G. S. Street, who had earlier been an intellectual opponent of the decadents, had two impressions of De
Profundis: one, "that it was poignantly touching, the other it was extraordinarily and profoundly
interesting".[42] Street dismissed contemporary complaints that the letter lacked sincerity, saying this was
just a manifestation of those who opposed Wilde's graceful writing style.[43]
Max Beerbohm, an old friend of Wilde's, wrote a signed review, "A Lord of Language," for Vanity Fair. He
described the writing in De Profundis as having achieved the perfect grace of Wilde's earlier work, and said
that Wilde had remained a detached artist of words, concluding: "We see him here as the spectator of his
own tragedy. His tragedy was great.
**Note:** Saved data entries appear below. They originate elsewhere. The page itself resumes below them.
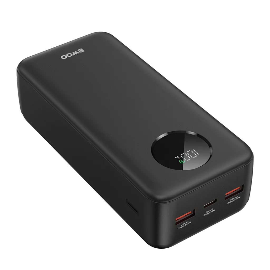 A nagy kapacitása ellenére a power bank kompakt és hordozható, így ideális útitárs.
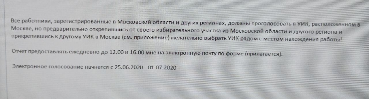 Работника также могут попросить взять открепительное удостоверение и проголосовать по месту работы. Анонимный источник «МБХ медиа» в МФЦ рассказал, что его и его коллег просили предоставить номера телефонов и имена трех знакомых, которые зарегистрированы на портале mos.ru. По его словам, такая просьба поступила еще в марте 2020 года, но с тех пор никаких принуждений и странных распоряжений начальства, связанных с голосованием, не было.
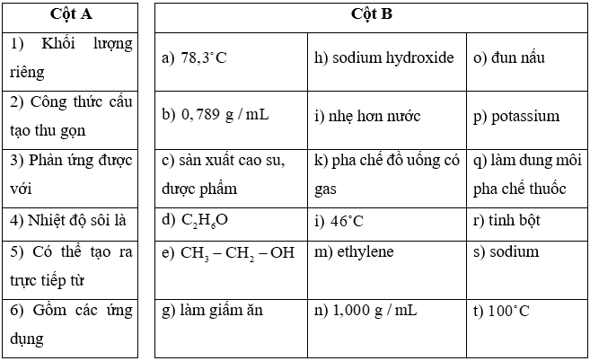 Câu 24.10 trang 65 Sách bài tập KHTN 9: Nối thông tin ở cột A với thông tin ở cột B để được kết quả đúng về ethylic alcohol.
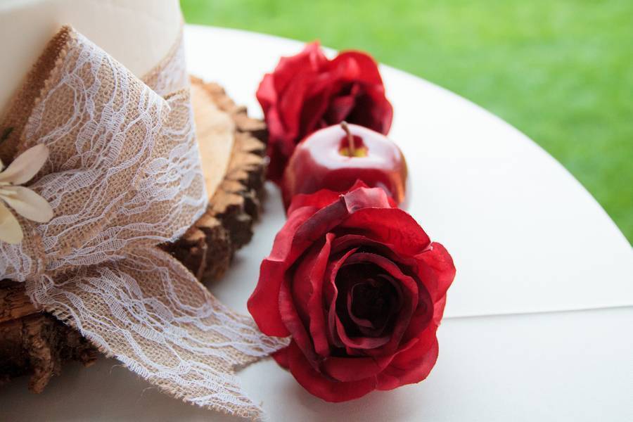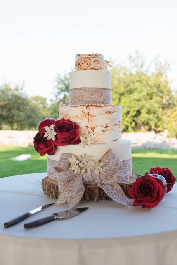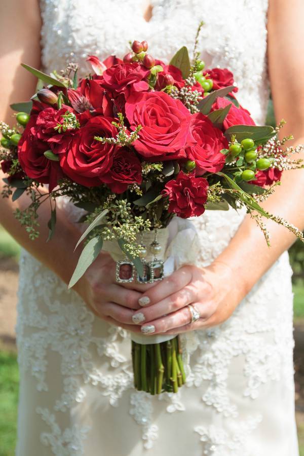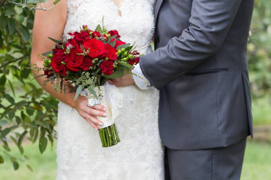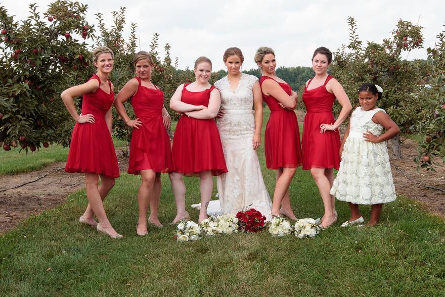 Roses are red, apples are red, Karin and Matthew’s motif is, well, scarlet red. The couple had a wedding at a beautiful orchard wedding complete with the scarlet and grey motif to represent Ohio, particularly Ohio State University. Red, grey, and ivory speaks vintage when matched together — maybe the reason they had vintage cars bring the entourage to the ceremony and reception, so classy! And let me just compliment Karin’s wedding dress – I adore the way the dress hugged her body in a subtle and classy way.
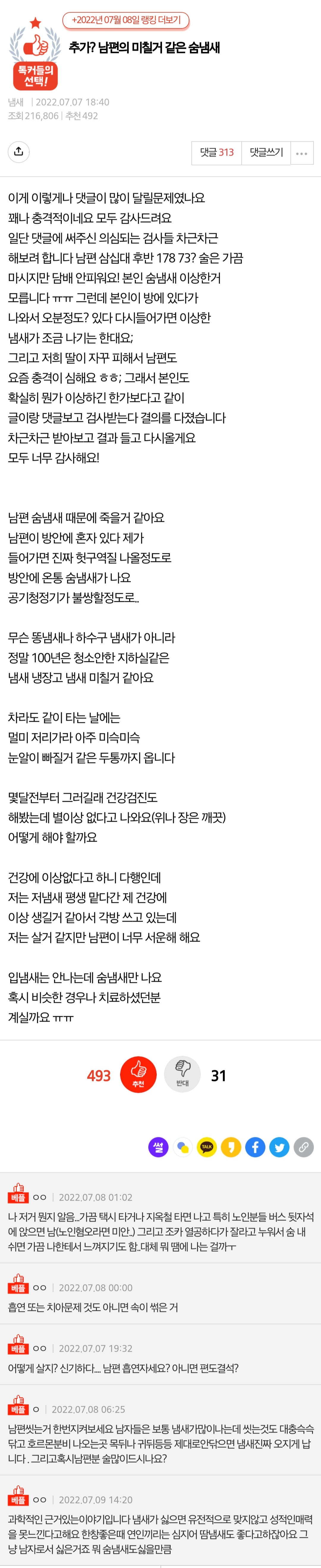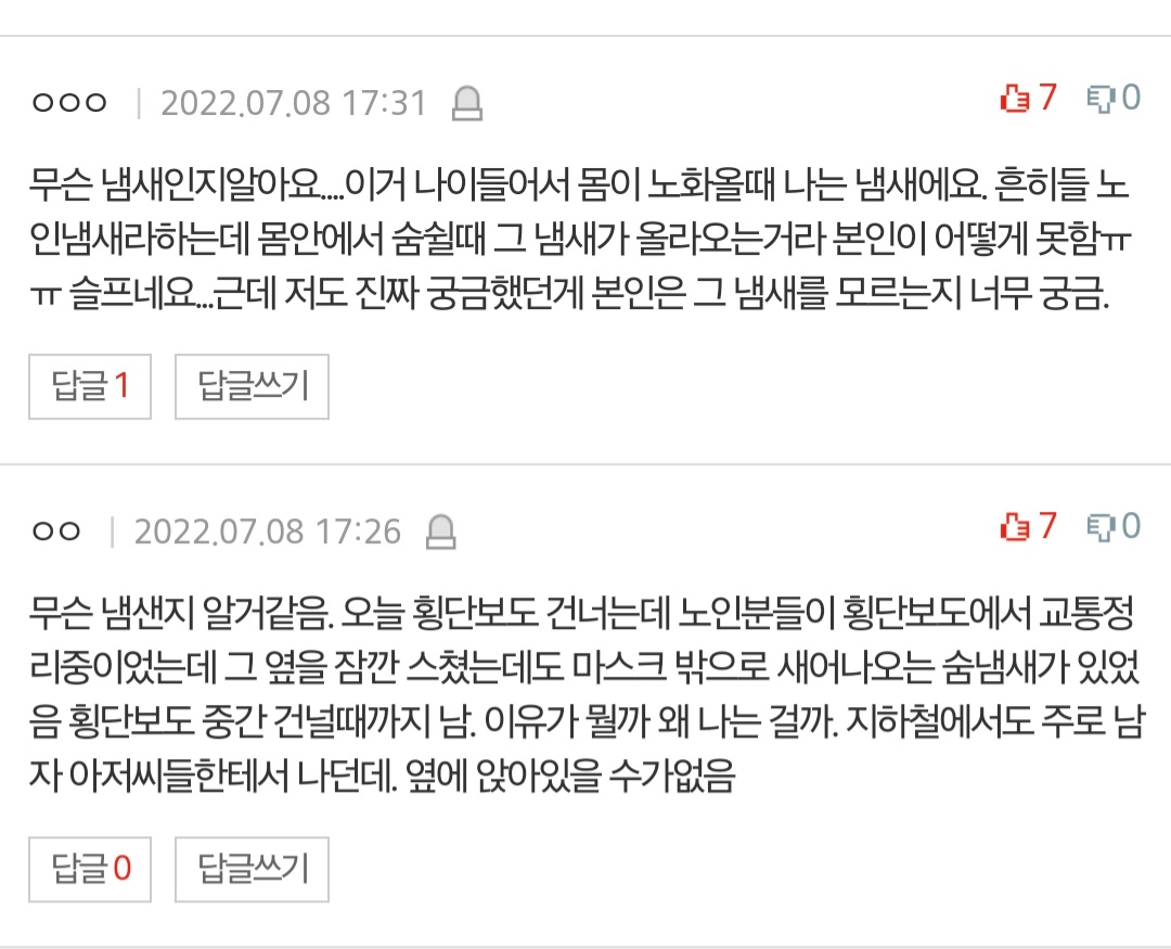 나 진짜 이거.. 울앱도 그렇고 대부분 남자들 중년분들 대중교통에서 스치거나 대화할일 있을때 죄송하지만 입냄새도 아니고 이런 속에서부터 올라오는 퀴퀴하고 역한 숨냄새 때문에 자동으로 헛구역질 올라오려던적 많음...
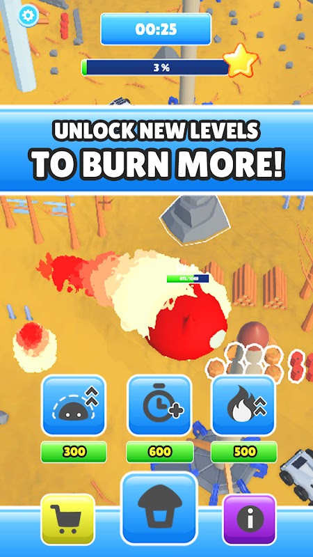 FireBlob'da, zaman dolmadan önce% 100 boyuta ulaşma hedefiyle nesneleri tüketerek büyüyen küçük bir ateş yaratığını kontrol ediyorsunuz. Seviyeleri tamamlamak, zaman, boyut ve ateş gücü gibi yükseltmeler için harcanabilecek paraları ödüllendirir. Bir anahtar mekaniği, döngüye girdiğinde nesneleri yok etmek ve bonus paralar kazanmak için patlamalar yaratan bir alev izi bırakmanıza izin vererek oyuna stratejik bir katman ekler.

It is one of the tragedies that will always live on in romantic
history."[44]
T. W. H. Crosland, a journalist and friend of Douglas after Wilde's death, negatively reviewed De Profundis
in 1912.[45] He strongly criticised Ross's editing, but claimed the entire document was even more morally
bankrupt than the published version: "A blacker, fiercer, falser, craftier, more grovelling or more
abominable piece of writing never fell from a mortal pen", he wrote.[46]
A version abridged by Merlin Holland was performed by Corin Redgrave in 2000 at the Royal National
Theatre in London. It was revived in 2008.[47]
An abridged version was set for speaking pianist by composer Frederic Rzewski.
Extracts were set to music for chorus and orchestra in 2012 by the British composer Matthew King.